Aucun contraste, tout en aplat et les fonds, noir ou blanc, renforcent la vision des personnages, de leur
silhouette. En adaptant sur grand écran son œuvre, Marjane échange les fonds en noir et blanc par des
fondus au noir, de grands ombres qui viennent envahir le plan, des fondus enchainés.
Pour donner une impression de mouvement même entre les plans, Marjane utilise des fondus au noir,
des fondus enchainés et des fondus au blanc. Les fondus au noir closent une scène ou un épisode et
offrent du temps avant une nouvelle aventure. Ils sont une pause entre les plans. L’usage du fondu
enchainé permet de relier une image à une autre. Des panoramiques, avant et arrière resituent
régulièrement le personnage dans le lieu.
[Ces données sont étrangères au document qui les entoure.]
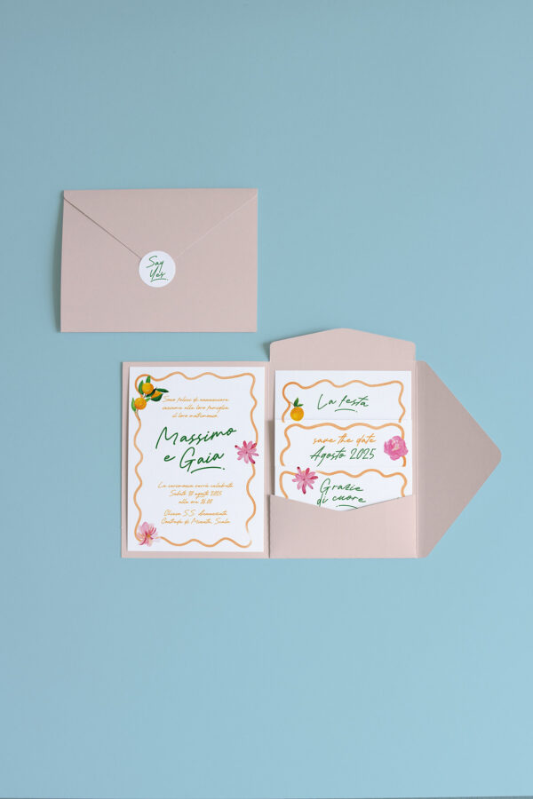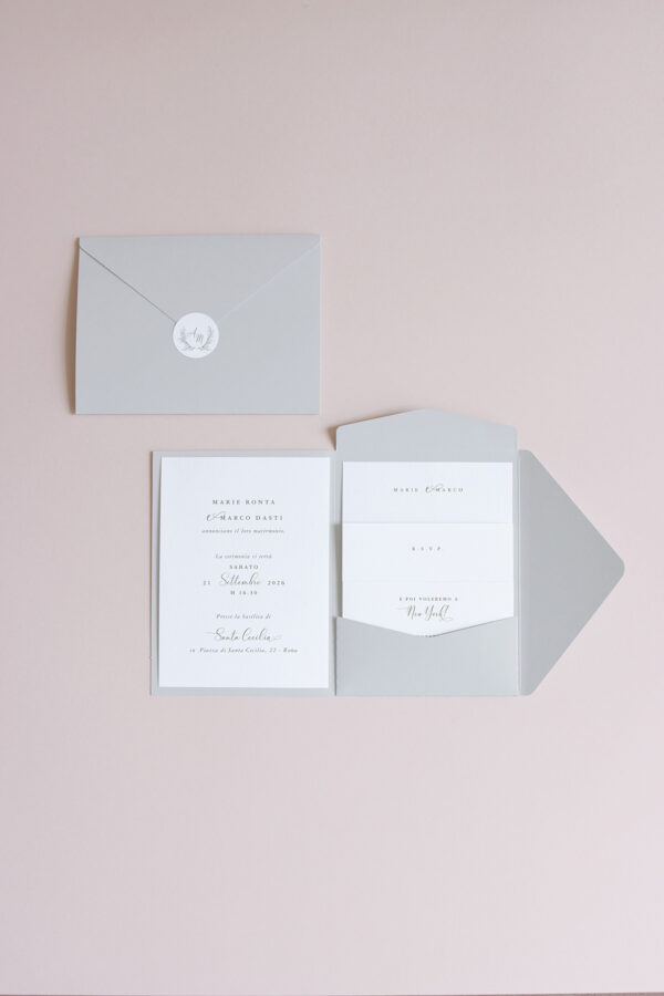 Il Pocket Fold è una partecipazione di nozze completo di quattro biglietti di dimensioni differenti, stampati fronte retro e da un adesivo di chiusura. Puoi scegliere il colore del cofanetto esterno da abbinare ai colori della grafica e personalizzarlo abbinando un sigillo in ceralacca e/o un nastrino abbinato. E’ la partecipazione adatta agli sposi che hanno tante informazioni da dare agli invitati. Ad esempio a chi deve comunicare due location (cerimonia e ricevimento), a chi vuole una timeline dell’evento o a chi vuole semplicemente dare informazioni tecniche come dresscode, transfer e accomodation.

Si Marjane refuse la couleur en BD, elle a dû se plier aux exigences de l’animation, aux 24images/ s.
Dans le film, la scène d’ouverture qui se déroule à l’aéroport d’Orly présente l’image en couleur d’une
exilée qui aimerait repartir. Elle s’apprête à quitter l’Europe pour l’Iran et pour cela, elle doit modifier
son apparence physique en se couvrant d’un foulard. Marjane Satrapi n’encombre pas son décor. Lors
des scènes dans l’aéroport, seuls quelques personnages sont taches de couleur et le ciel qui voit l’envol
des avions est bleu.
Persepolis est construit en flash back en noir et blanc. Opposant la couleur du présent à une palette de
gris pour traiter le passé, Persepolis garde son graphisme épuré et utilise la force des contours pour faire
bouger ses personnages. Les visages sont expressifs. Les silhouettes noires sont envahissantes mais
permettent de reconnaître d’emblée les personnages principaux.
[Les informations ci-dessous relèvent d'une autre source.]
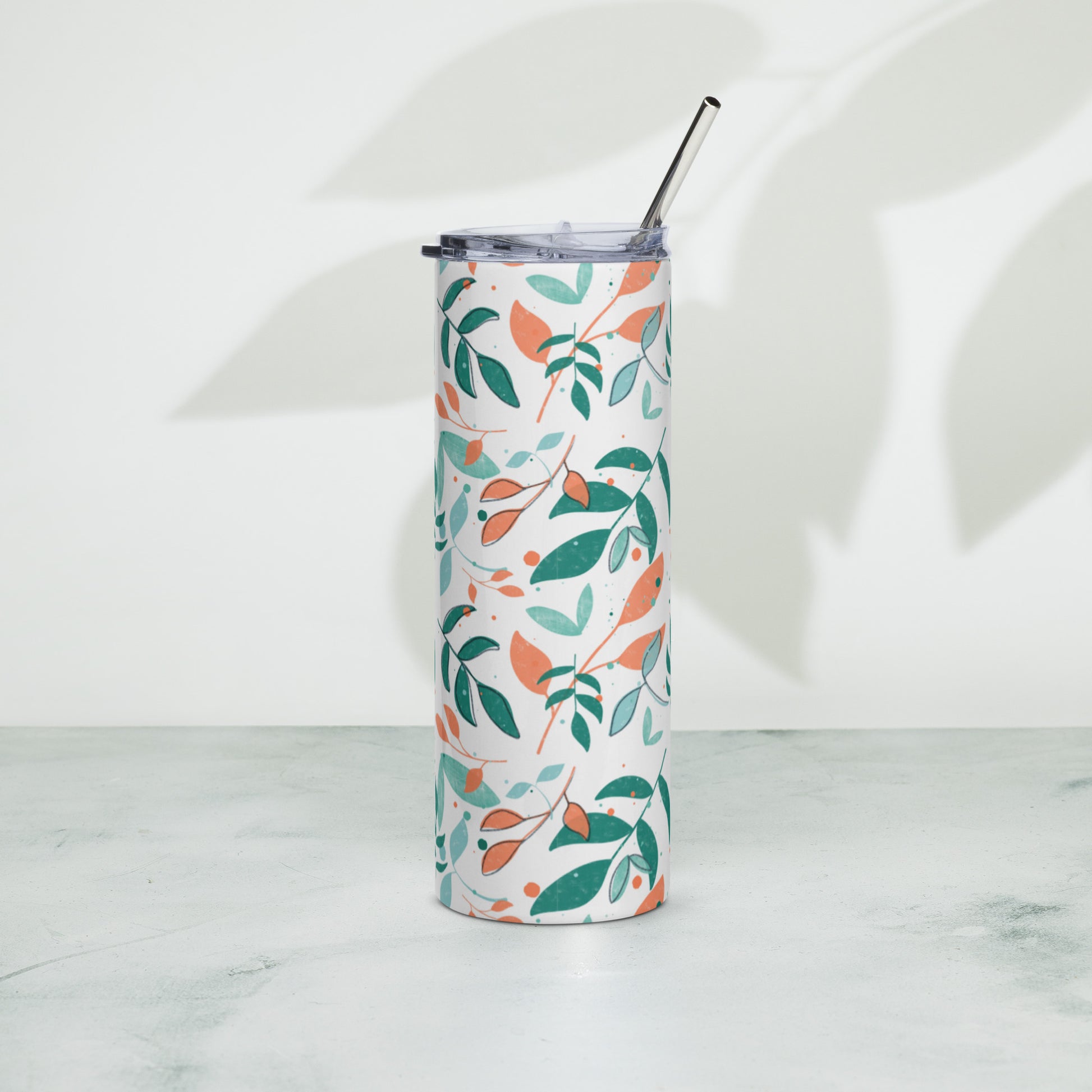Stainless steel tumbler, Leaves white

Les moments de danger sont toujours dessinés en ombre chinoises, la foule, les silhouettes noires
viennent souvent envahir l’écran. Le noir bouleverse le cadre, efface les corps, dévore, s’étale (tache de
sang).
Les ombres peuvent servir la crainte qui s’empare de Marji . Par ex : l’adolescente interceptée par deux
extrémistes au moment où elle achète une cassette d’Iron Maiden : le noir des tenues envahit l’écran, menaçant
d’étouffer l’enfant. Ces femmes ressemblent à des serpents qui menacent Marji.
Références
Le générique propose un décor qui s’inspire des miniatures personne (architecture, jardin, mer,
montagne, fleurs…)
Expressionnisme : Marjane Satrapi rejoint l’esthétisme de l’expressionnisme, s’amusant dès lors à
baptiser son œuvre Persépolis, un clin d’œil à Métropolis (Fritz Lang, 1927).
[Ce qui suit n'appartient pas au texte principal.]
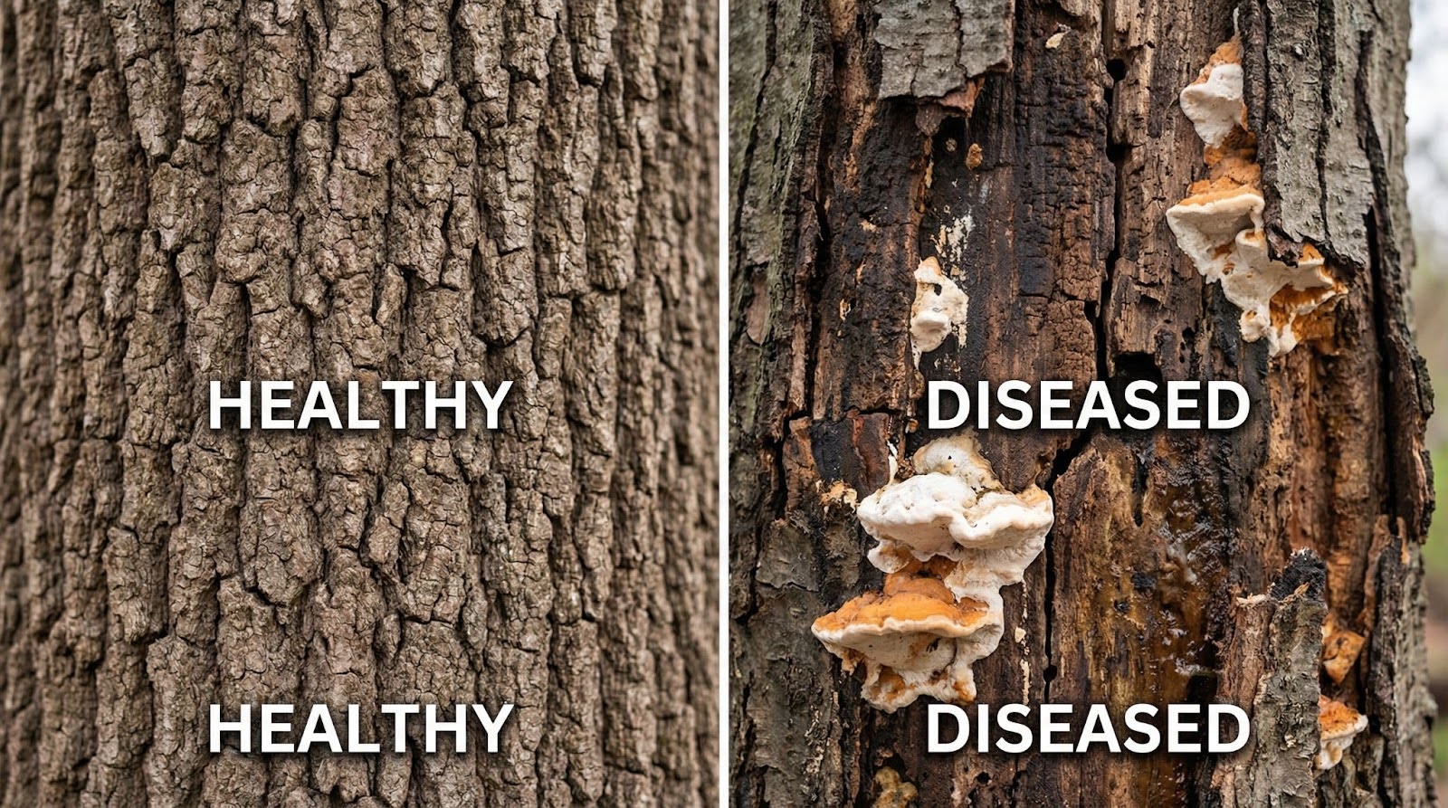 - Root systems and soil around the base, including fungi, soft spots, or heaving that show deeper problems.
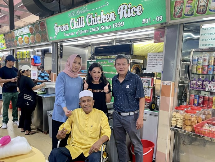 Mediacorp Gold 905 DJ Denise Tan gets in line with the private hire driver who discovered unique green chilli chicken rice at Sims Vista Food Centre, in his childhood neighbourhood.
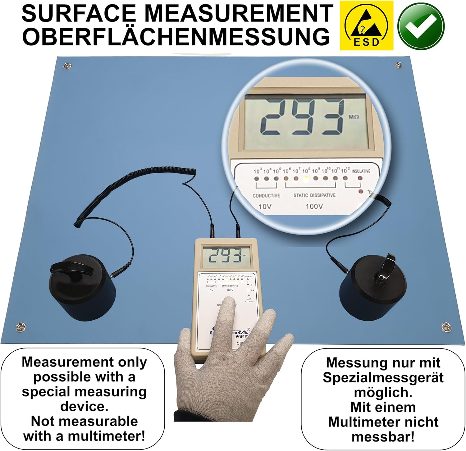 - ⚡ Ableitwiderstand zwischen 10^6 bis 10^9 Ohm – Ladungsabbau < 0,03 Sekunden
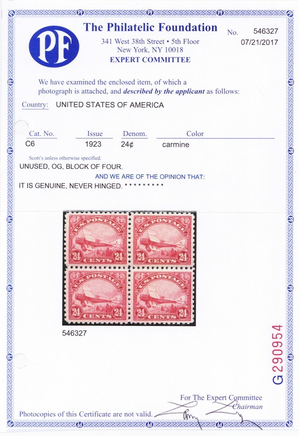 No refunds will be made after 60 days after the sale date unless extra time is granted. Due to the high cost of obtaining certificates we will only refund the cost of the stamp and not the cost of the certificate. For U.S. stamps only certificates from either APS, PSE or from the Philatelic Foundation are accepted, however "graded" certificates or "encased" items are not accepted.
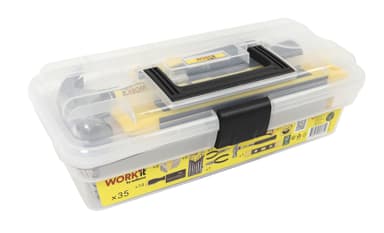 Verktøykasse med 34 stk. basisverktøy, kløfthammer, sideavbiter, spisstang, målebånd, kniv med bryteblad, torpedovaterpass, unbrakonøkler, miniskrutrekkere pluss skrutrekkerhåndtak med holder og 12 bits.Läs mer om produkten
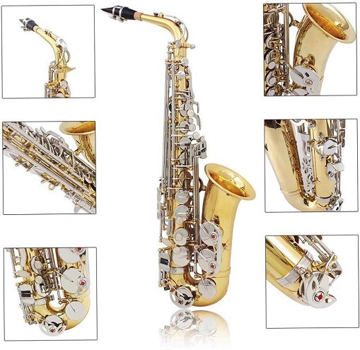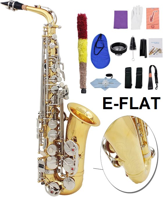 Btuty Alto Saxophone Eb E-Flat Sax, Woodwind Instrument with Case, Gloves & Accessories - Gold, Silver

Le Cabinet du Docteur Caligari de Robert Wiene ou Nosfetaru de Murnau pour le travail sur l’ombre
La scène où Marji découvre horrifiée une main qui dépasse des décombres de l’immeuble voisin est une
citation au Cri de Much (1893)
Persépolis se caractérise, comme les films expressionnistes, par l’emploi d’un système plastique très
précis, par l’exacerbation des formes, de manière moins torturée que chez les Allemands mais
cependant très forte. L’auteur emprunte à l’expressionnisme allemand les décors aux perspectives
faussées, le travail des ombres, l’usage des ouvertures et fermeture à l’iris
Mise en abime :
A l’intérieur de Persépolis, Marji regarde un serie TV (l’inspecteur Derrick) et Marji et sa grand-mère vont voir au
cinéma Godzilla. Godzilla est le monstre fabriqué par Tomoyuki au sortir de la 2e guerre mondiale, né de la peur
des essais nucléaires. Les plans de destruction de Tokyo dans Godzilla rappellent ceux de Téhéran
Le tombeau des lucioles
Il y a dans Persépolis une volonté de montrer les choses dans leur dureté que l’on peut rapprocher en partie de
celle de Takahata. Dans une des scènes dramatiques, Marjane reconnaît la main de son amie dans des
décombres, grâce à son bracelet, mais les réalisateurs ne s’appesantissent pas sur cette image tandis que dans Le
Tombeau des lucioles (1988) Takahata nous force à voir les horreurs de la guerre, ses effets les plus pénibles.